1d10 martial arts manuals found in the Stygian Library
For use with Loch’s duelist.
On Wrestling
Brittle papyrus rotulus held together by dusty oaken rods. The proper style of wrestling, as dictated by Sthenelos, transcribed by Phaon, and translated by Marcus Oppius.
- Stance: Slippery. So long as you are naked and oiled, your AC cannot be lower than 14. Your AC cannot be lower than 16 versus an opponent who fights with sheer might, and an opponent who takes you to the ground is immune to this style’s effects.
- Stance: Sheer might. So long as you are naked and oiled, your unarmed strikes deal 1d6 damage. You overpower an opponent who attempts to take you to the ground, dealing 1d8 instead, but only 1d4 to a slippery opponent.
- Stance: To the ground. So long as you are naked and oiled, add your strength to your to-hit bonus. Add it twice versus a slippery opponent, but an opponent who fights with sheer might overwhelms you and is immune to this style’s effects.

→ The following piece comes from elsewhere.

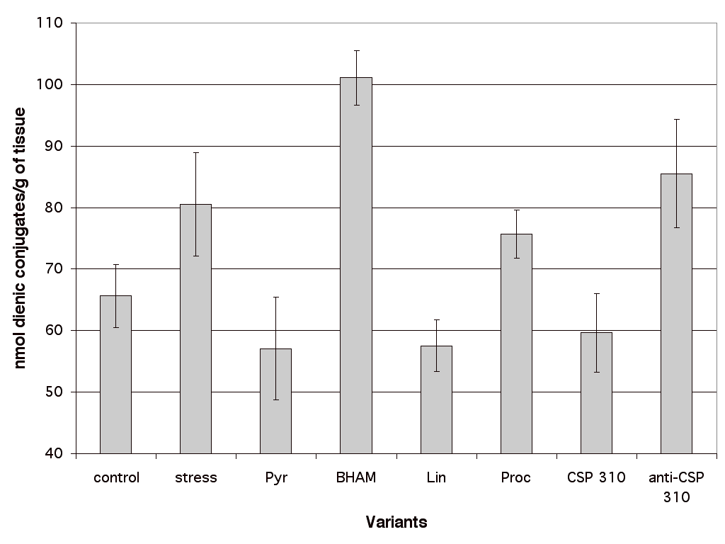 Fig. 5. The influence of activators and inhibitors of known plant uncoupling proteins on lipid peroxidation in winter wheat shoots during cold stress.

- Lesson: Oratory. So long as you are naked and oiled, you cannot be ignored or disrespected.
Tactical Response and Operations Standard for Law Enforcement Agencies, Fourth Edition
Letter-size, spiral-bound handbook compiled by the National Tactical Officers Association. Red-inked underlines and marginalia detail a style entirely irrelevant without explosives and automatic ranged weaponry.
- Technique: Suppressive fire. Instead of expending half a magazine of ammunition per round, anticipate the enemy’s movements and only expend triple bullets per round. This can be done even with a weapon which lacks a magazine, and you reload for free regardless of the firearm.1
- Technique: Close-quarters shooting. You can fire a gun at someone you’re grappling with without penalty.
- Technique: Ricochet. Shoot an unseen target without penalty by ricocheting the bullet around a corner. A missile that can ricochet around corners under normal circumstances is perfectly aimed, bypassing the need for an attack roll.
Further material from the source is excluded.